| Try it |
Everything from the line containing "The last sketch" through the last line of the entries needs to be repeated exactly. Pictures must be left out.

| Data for the task |
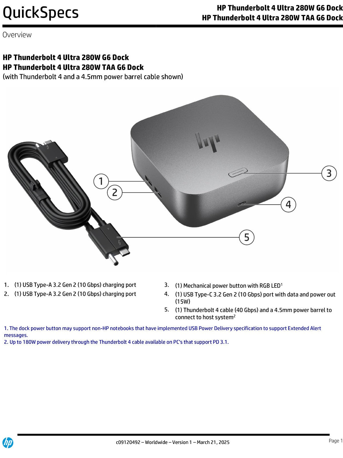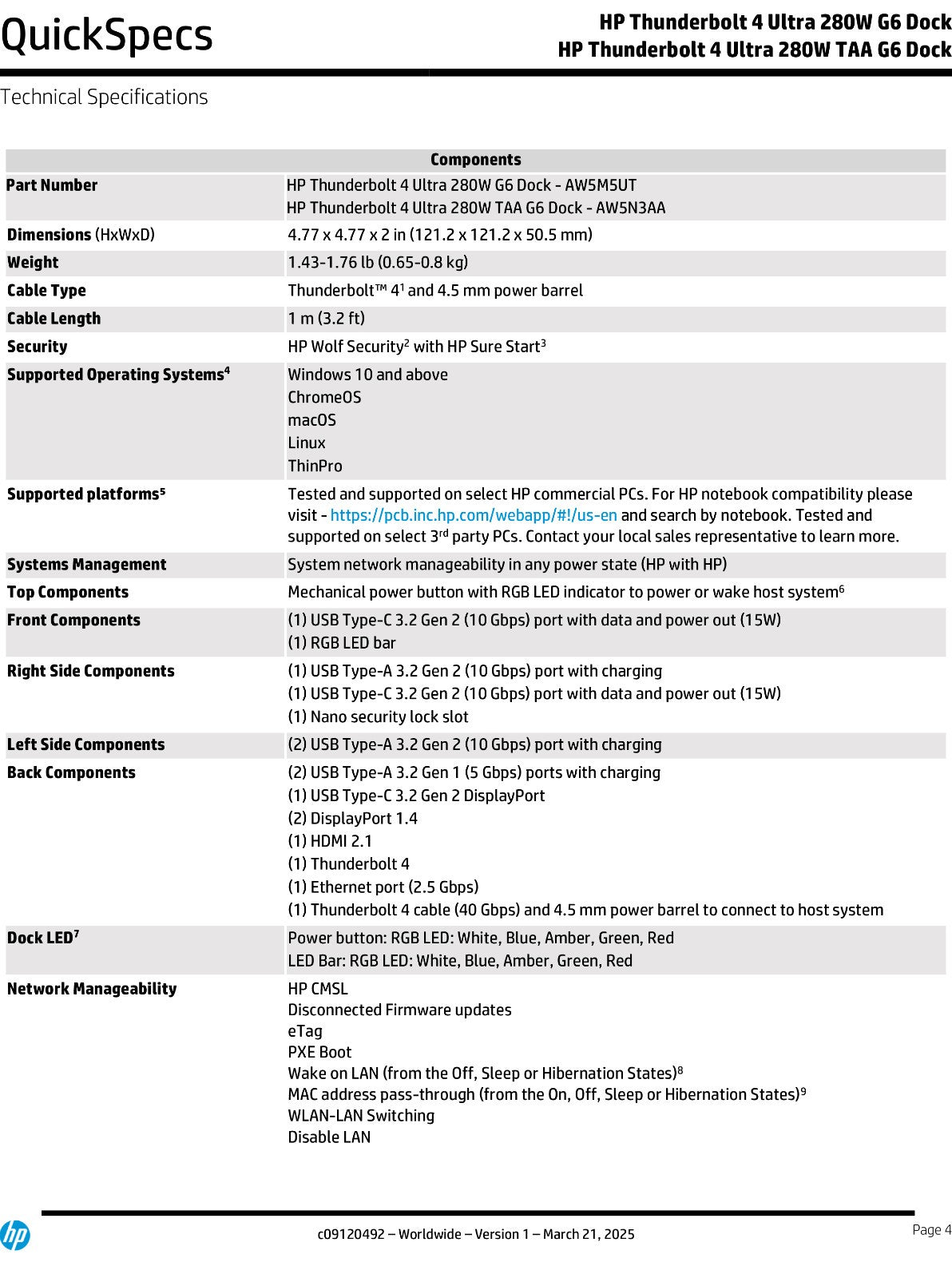 * Based on HP’s internal analysis of docking stations that are Thunderbolt™ 4, have auto validating & self healing firmware, Meet NIST 800-173 requirements, the ability to disable the RJ-45 and a BIOS MAPT authorized list. HP Sure Start on HP Thunderbolt G6 dock supports firmware integrity verification and recovery during dock start-up and disconnect. It does not include real-time and runtime protections or Microsoft SCCM integration typically found on HP Sure Start in HP notebooks.
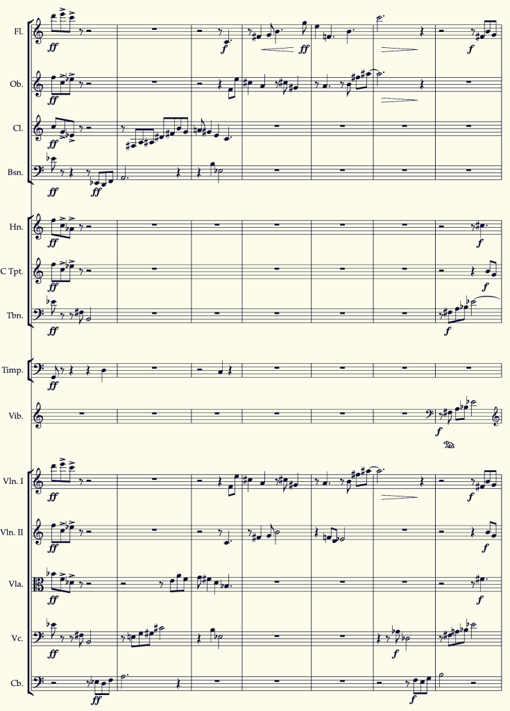 The last sketch in Sinfonia, “Jupiter Rising,” starts with a simple canon whose 12-tone melody is shaped after the first six notes of the opening theme for the finale of Mozart’s Symphony No. 41, the “Jupiter Symphony.”
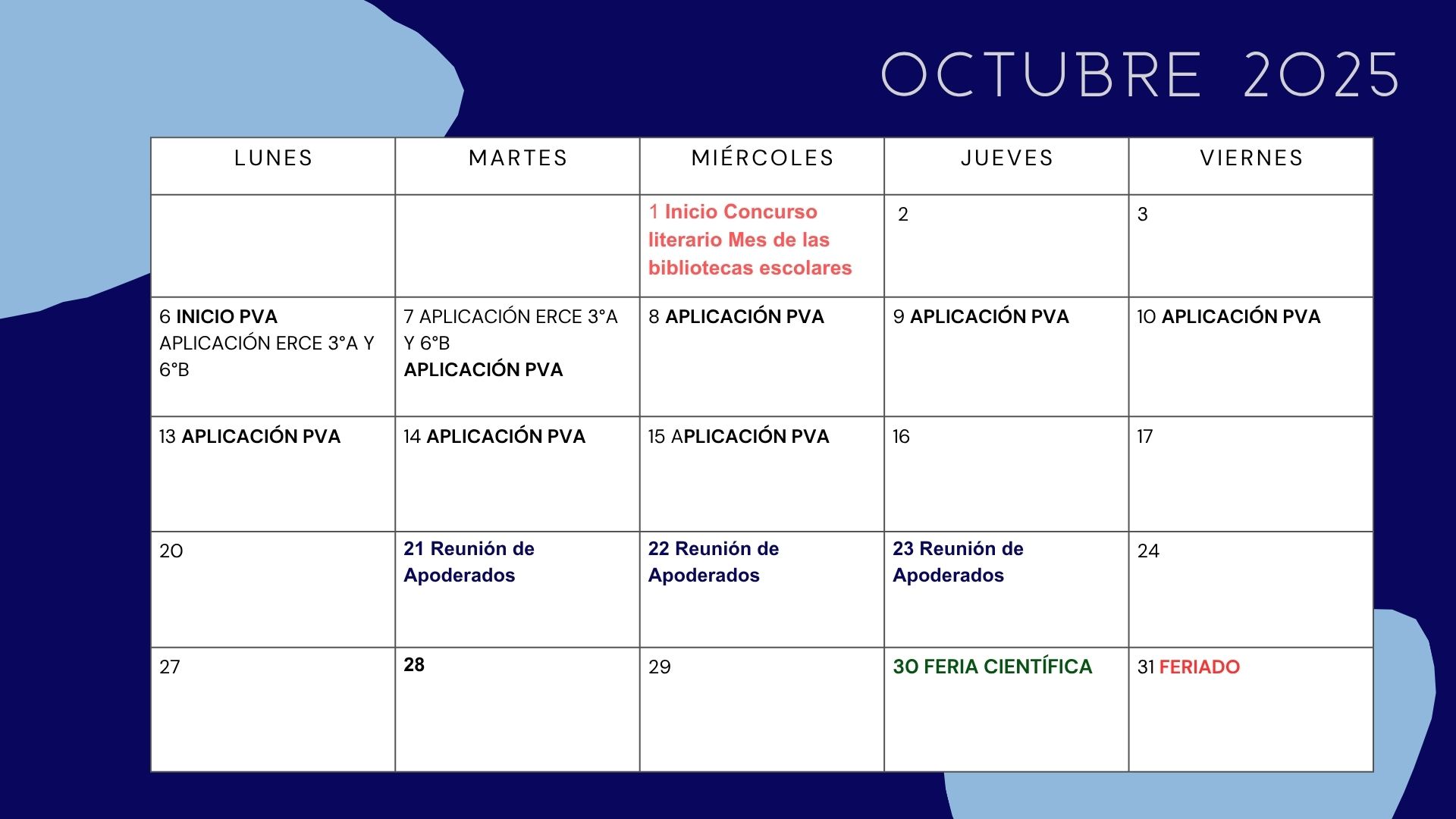 CALENDARIO OCTUBRE 2025
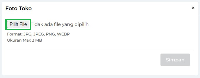 Pilih foto atau gambar untuk Toko Anda dengan klik Pilih File.
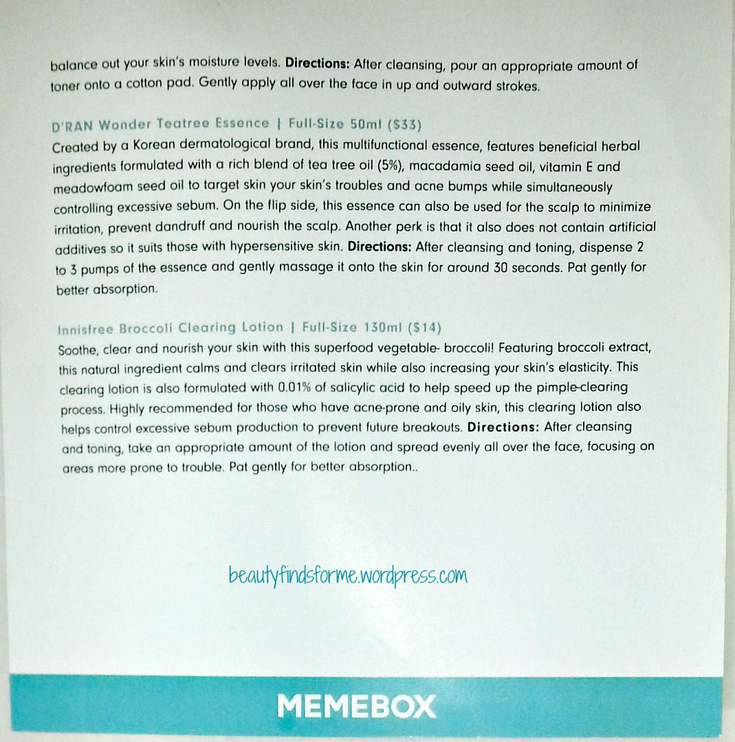 This is an excellent box even though the facial cleanser is now a body cleanser ~ haha. I do think that the MemeValue is over inflated here ($79.00), but since I will use all of the products, I find that this was a good price at $35.00. I love Innisfree and D’ran, plus I am truly exited about trying out the Papa Recipe product. The Acne Skincare box is out of stock right now, but there are a couple of boxes at Memebox that would be really good for oily and blemish prone skin
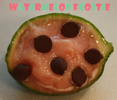 \Instructions: Blend the ingredients. I then scoop out as much of the innards of the lime, topped with chocolate chips for seeds, and placed these in the freezer until I served.
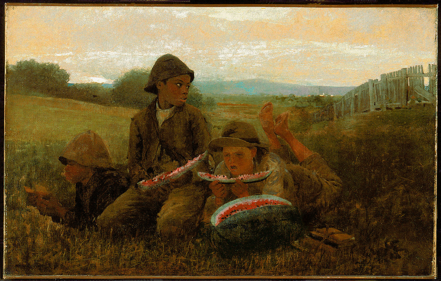 Painting, The Watermelon Boys; Winslow Homer (American, 1836–1910); USA; brush and oil paint on canvas ; 61.3 × 96.8 cm (24 1/8 × 38 1/8 in.); Gift of Charles Savage Homer, Jr.; 1917-14-6
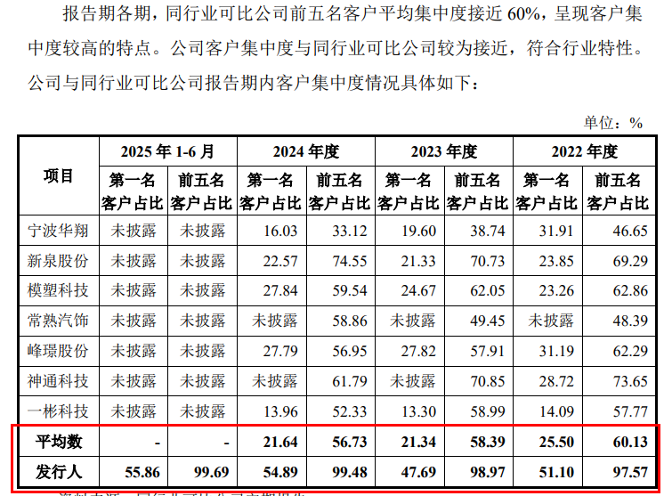 尽管汽车零部件行业下游客户集中属于行业常态,但前两大客户销售占比达到九成左右,在业内仍较为罕见。

| Written reply |
 The last sketch in Sinfonia, “Jupiter Rising,” starts with a simple canon whose 12-tone melody is shaped after the first six notes of the opening theme for the finale of Mozart’s Symphony No. 41, the “Jupiter Symphony.”
 CALENDARIO OCTUBRE 2025
 Pilih foto atau gambar untuk Toko Anda dengan klik Pilih File.
 This is an excellent box even though the facial cleanser is now a body cleanser ~ haha. I do think that the MemeValue is over inflated here ($79.00), but since I will use all of the products, I find that this was a good price at $35.00. I love Innisfree and D’ran, plus I am truly exited about trying out the Papa Recipe product. The Acne Skincare box is out of stock right now, but there are a couple of boxes at Memebox that would be really good for oily and blemish prone skin
 \Instructions: Blend the ingredients. I then scoop out as much of the innards of the lime, topped with chocolate chips for seeds, and placed these in the freezer until I served.
 Painting, The Watermelon Boys; Winslow Homer (American, 1836–1910); USA; brush and oil paint on canvas ; 61.3 × 96.8 cm (24 1/8 × 38 1/8 in.); Gift of Charles Savage Homer, Jr.; 1917-14-6
 尽管汽车零部件行业下游客户集中属于行业常态,但前两大客户销售占比达到九成左右,在业内仍较为罕见。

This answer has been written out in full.